## Provided data
####################

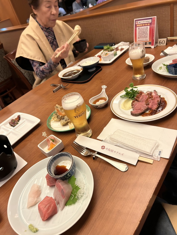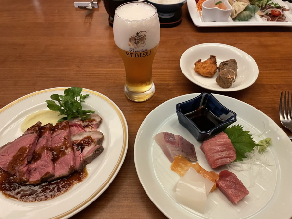 ローストビーフ、刺身に天ぷら、唐揚げ、エビチリなど勢ぞろい。そしてビールで乾杯。
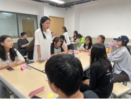 本次團(tuán)建以班級(jí)為主體各自開展,各班在團(tuán)建開始,通過(guò)報(bào)數(shù)的方式進(jìn)行隨機(jī)分組,分組后陳梅欽老師通過(guò)創(chuàng)新設(shè)計(jì)三要素空間、流程、人,啟用Highlight點(diǎn)亮來(lái)激活狀態(tài),親和小組。點(diǎn)亮姓名+個(gè)人優(yōu)點(diǎn)+學(xué)習(xí)期待,空間采用圓桌論壇,使每位學(xué)生都能近距離地與其他同學(xué)交流,有助于促進(jìn)思想的碰撞和靈感的激發(fā)。用(3分鐘個(gè)人)思考+(1分鐘組內(nèi))分享+(1名組長(zhǎng))推選+(2分鐘)總結(jié)一整套流程,通過(guò)狀態(tài)影響他人,把一個(gè)不融入的人,通過(guò)空間,流程,變成狀態(tài)滿滿的人。
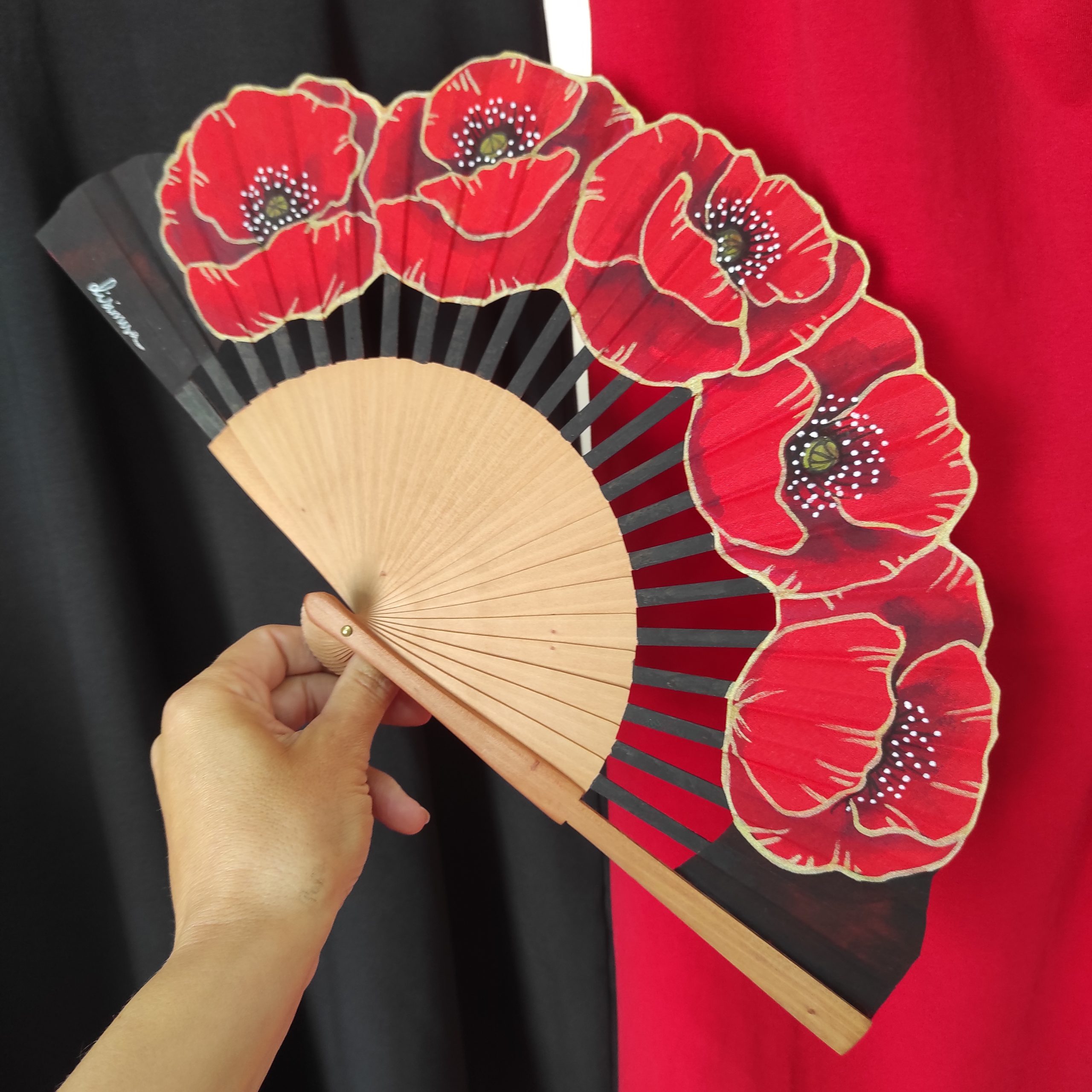 Abanico de 23 cm pintado a mano en España, elaborado en madera de peral y país de algodón, materiales resistentes y de gran calidad.

####################

## Task prompt
Leaving the pictures aside, copy exactly and only the lines from the one holding "本次團(tuán)建以班級(jí)為主體" through the final line of the data, both ends kept.

## Answer space
 本次團(tuán)建以班級(jí)為主體各自開展,各班在團(tuán)建開始,通過(guò)報(bào)數(shù)的方式進(jìn)行隨機(jī)分組,分組后陳梅欽老師通過(guò)創(chuàng)新設(shè)計(jì)三要素空間、流程、人,啟用Highlight點(diǎn)亮來(lái)激活狀態(tài),親和小組。點(diǎn)亮姓名+個(gè)人優(yōu)點(diǎn)+學(xué)習(xí)期待,空間采用圓桌論壇,使每位學(xué)生都能近距離地與其他同學(xué)交流,有助于促進(jìn)思想的碰撞和靈感的激發(fā)。用(3分鐘個(gè)人)思考+(1分鐘組內(nèi))分享+(1名組長(zhǎng))推選+(2分鐘)總結(jié)一整套流程,通過(guò)狀態(tài)影響他人,把一個(gè)不融入的人,通過(guò)空間,流程,變成狀態(tài)滿滿的人。
 Abanico de 23 cm pintado a mano en España, elaborado en madera de peral y país de algodón, materiales resistentes y de gran calidad.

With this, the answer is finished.